К.Д. Бальмонт. Собрание стихов

We use cookies. Read the Privacy and Cookie Policy

К.Д. Бальмонт. Собрание стихов

Том I: «Под северным небом», «В безбрежности», «Тишина».

Том II: «Горящие здания», «Будем как солнце». 1894–1904.

Книгоиздательство «Скорпион», 1904–1905

Бальмонт — первый поэт новой русской школы, удостоившийся «Собрания стихов» («Собрание» Минского еще не закончено). Впрочем, это еще не «Полное собрание», по крайней мере — самый ранний «Сборник стихотворений» (Ярославль, 1890) не вошел в эти два огромные, красивые, белые с серебром, тома. И все-таки в первый том вошло много такого, что так странно видеть в неуютном, потерявшем прелесть первоначальности издании. Возьмите майковского Пушкина, — как жестоко смотреть на громадные академические поля вокруг юношеских стихов — даже пушкинских. И «Собрание» Бальмонта, несмотря на изящество, не избежало какого-то налета «казенности», «подведения итогов»; как будто мало предусмотрительная и уже не дрогнувшая рука начинающего прошла по этим листам.
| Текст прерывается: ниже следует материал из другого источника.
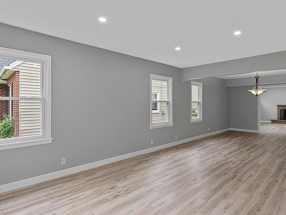 Charming brick Cape Cod in desirable Grasslyn Manor! This move-in ready home offers 3 spacious bedrooms, including a main floor master, 2 full baths, and generous living space with a bright living room, formal dining room, and cozy family room--perfect for gatherings and everyday comfort. A beautifully updated kitchen features soft-close cabinets, quartz counters, tiled backsplash, and new stainless steel appliances. Fresh paint inside and out, new flooring throughout, and modernized bathrooms add style and ease. Recent updates include plumbing, electrical, drain tile with sump pump, vinyl windows, brand new A/C, and a new rubber roof. Detached garage, extra parking slab, patio, and fenced yard add convenience. With thoughtful updates and classic charm, this home is truly move-in ready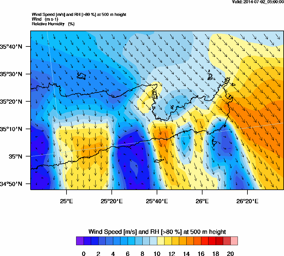 Graph 2: arw012.png - Wind Speed [m/s] and RH [>80%] at 500 m height

Бальмонт побывал на страницах большинства толстых наших журналов. Бальмонта знает «большая» публика; на стихи его пишут романсы. Бальмонт читал лекции, выступал на литературных вечерах. Последние сборники его стихов обсуждаются всегда, и по преимуществу как «все новые и новые звенья», по его же собственным словам (т. I, Из записной книжки 1904 г.). Статьи о творчестве Бальмонта, появляющиеся и у нас и за границей, в последнее время принимают какой-то завершительный, панегирический характер. Такова была статья Валерия Брюсова в «Мире искусства» после выхода в свет «Будем как солнце» и — Андрея Белого в «Весах» прошлого года. Таким образом, на наших глазах началась уже как будто «литературная история», и Бальмонт становится «юбиляром». А от юбилеев и итогов — всегда грустно.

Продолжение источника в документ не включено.